The Romance Of Britomarte
by [?]

And as one whom the fierce wind storms in the face,
With spikes of hail and with splinters of rain,
I, while we fled through St. Hubert’s Chase,
Bent till my cheek was amongst her mane.
To the north, full a league of the deer-park lay,
Smooth, springy turf, and she fairly flew,
And the sound of their hoof-strokes died away,
And their far shots faint in the distance grew.
Loudly I laughed, having won the start,
At the folly of following Britomarte.

They had posted a guard at the northern gate–
Some dozen of pikemen and musketeers.
To the tall park palings I turn’d her straight;
She veer’d in her flight as the swallow veers.
And some blew matches and some drew swords,
And one of them wildly hurl’d his pike,
But she clear’d by inches the oaken boards,
And she carried me yards beyond the dyke;
Then gaily over the long green down
We gallop’d, heading for Westbrooke town.
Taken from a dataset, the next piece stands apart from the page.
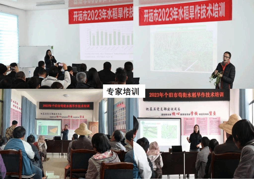 3月13-14日,2023年水稻旱作技术培训在红河州开远市中和营镇和个旧市卡房镇苟街村两地开班起航,伟德国际1946bv官网朱有勇院士、伟德国际1946bv官网朱书生副董事长、国内合作与社会服务处朱仁俊处长、烟草学院刘雅婷经理和水稻旱作技术团队,西南林业大学何霞红副董事长以及红河州各级领导班子参加此次活动;红河州、市、县、乡镇农技人员、农业种植合作社、优质米企业、种植户等142余名学员参加培训。

The green down slopes to the great grey moor,
The grey moor sinks to the gleaming Skelt–
Sudden and sullen, and swift and sure,
The whirling water was round my belt.
She breasted the bank with a savage snort,
And a backward glance of her bloodshot eye,
And “Our Lady of Andover’s” flash’d like thought,
And flitted St. Agatha’s nunnery,
And the firs at “The Ferngrove” fled on the right,
And “Falconer’s Tower” on the left took flight.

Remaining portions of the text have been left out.